- WHAT TO WORK ON
The records that follow are to be repeated exactly, with the pictures removed.

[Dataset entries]
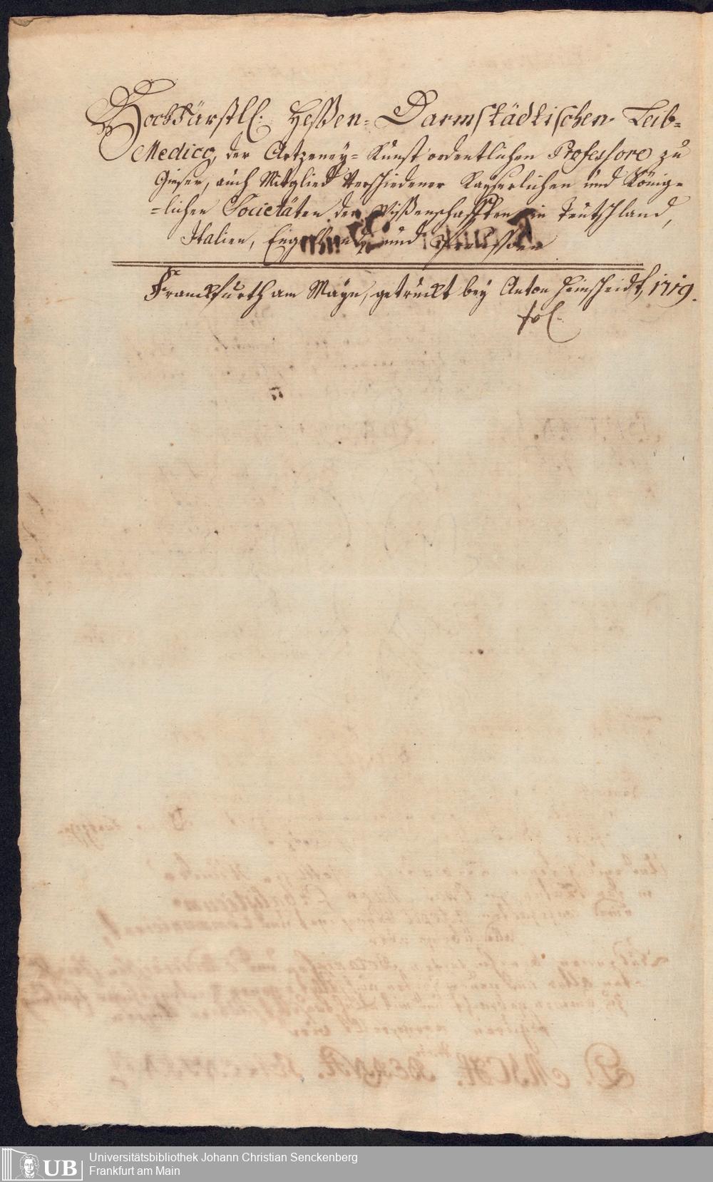 Na 31 Nachlass Johann Christian Senckenberg, 175 - Titelblatt des Kräuterbuchs von Valentini
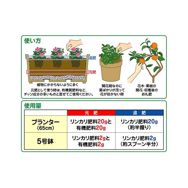 成分:チッソ(N)0: リンサン(P)20: カリ(K)10+ミネラル(マグネシウム、石灰、ケイ酸、鉄、マンガン、ホウ素)
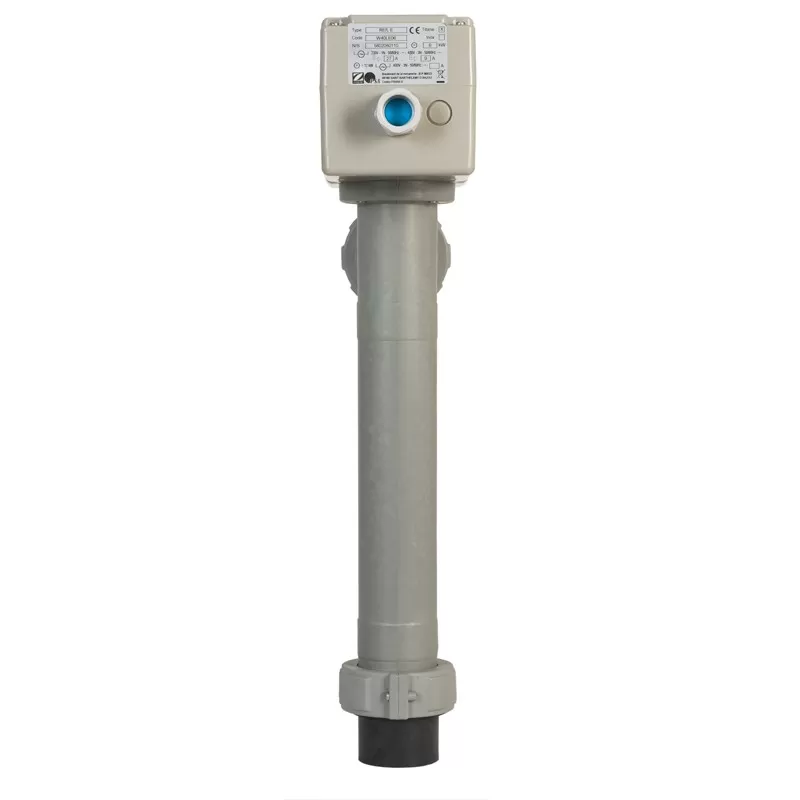 I riscaldatori elettrici Zodiac-PSA sono costituiti da un tubo in poliammide e da un elemento riscaldante in titanio. L'acqua viene riscaldata quando entra in contatto con la resistenza all'interno del tubo.
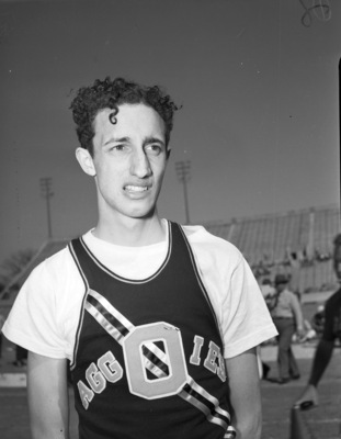 The Southwestern Exposition and Track Meet kicked off Friday in Fort Worth, Texas. Participating in the college events is Don Boyston of Oklahoma A. & M. Boyston is competing in the high jump. He won the event, clearing the bar at six feet, eight inches. Later Boyston tried to set the American collegiate record height of six-feet, ten inches but missed by only a little "elbow drag". Boyston is wearing a t-shirt with "Aggies" and an "O" across the chest.
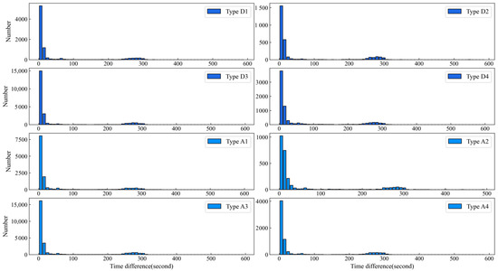 In order to reduce the sensitivity of the trajectory density points and the input data for the subsequent model construction, all trajectory lengths should be guaranteed to be the same. Therefore, this study adopted the method of frame segmentation to process the data. The time difference before and after the trajectory points is shown in Figure 10. As can be seen from the figure, the time difference between the departure and arrival trajectories was mostly concentrated between 0 and 20 s, and a small amount of data was distributed between 200 and 300 s, indicating that there was a certain uneven distribution of the data collection times.

- SOLUTION TO THE EXERCISE
 Na 31 Nachlass Johann Christian Senckenberg, 175 - Titelblatt des Kräuterbuchs von Valentini
 成分:チッソ(N)0: リンサン(P)20: カリ(K)10+ミネラル(マグネシウム、石灰、ケイ酸、鉄、マンガン、ホウ素)
 I riscaldatori elettrici Zodiac-PSA sono costituiti da un tubo in poliammide e da un elemento riscaldante in titanio. L'acqua viene riscaldata quando entra in contatto con la resistenza all'interno del tubo.
 The Southwestern Exposition and Track Meet kicked off Friday in Fort Worth, Texas. Participating in the college events is Don Boyston of Oklahoma A. & M. Boyston is competing in the high jump. He won the event, clearing the bar at six feet, eight inches. Later Boyston tried to set the American collegiate record height of six-feet, ten inches but missed by only a little "elbow drag". Boyston is wearing a t-shirt with "Aggies" and an "O" across the chest.
 In order to reduce the sensitivity of the trajectory density points and the input data for the subsequent model construction, all trajectory lengths should be guaranteed to be the same. Therefore, this study adopted the method of frame segmentation to process the data. The time difference before and after the trajectory points is shown in Figure 10. As can be seen from the figure, the time difference between the departure and arrival trajectories was mostly concentrated between 0 and 20 s, and a small amount of data was distributed between 200 and 300 s, indicating that there was a certain uneven distribution of the data collection times.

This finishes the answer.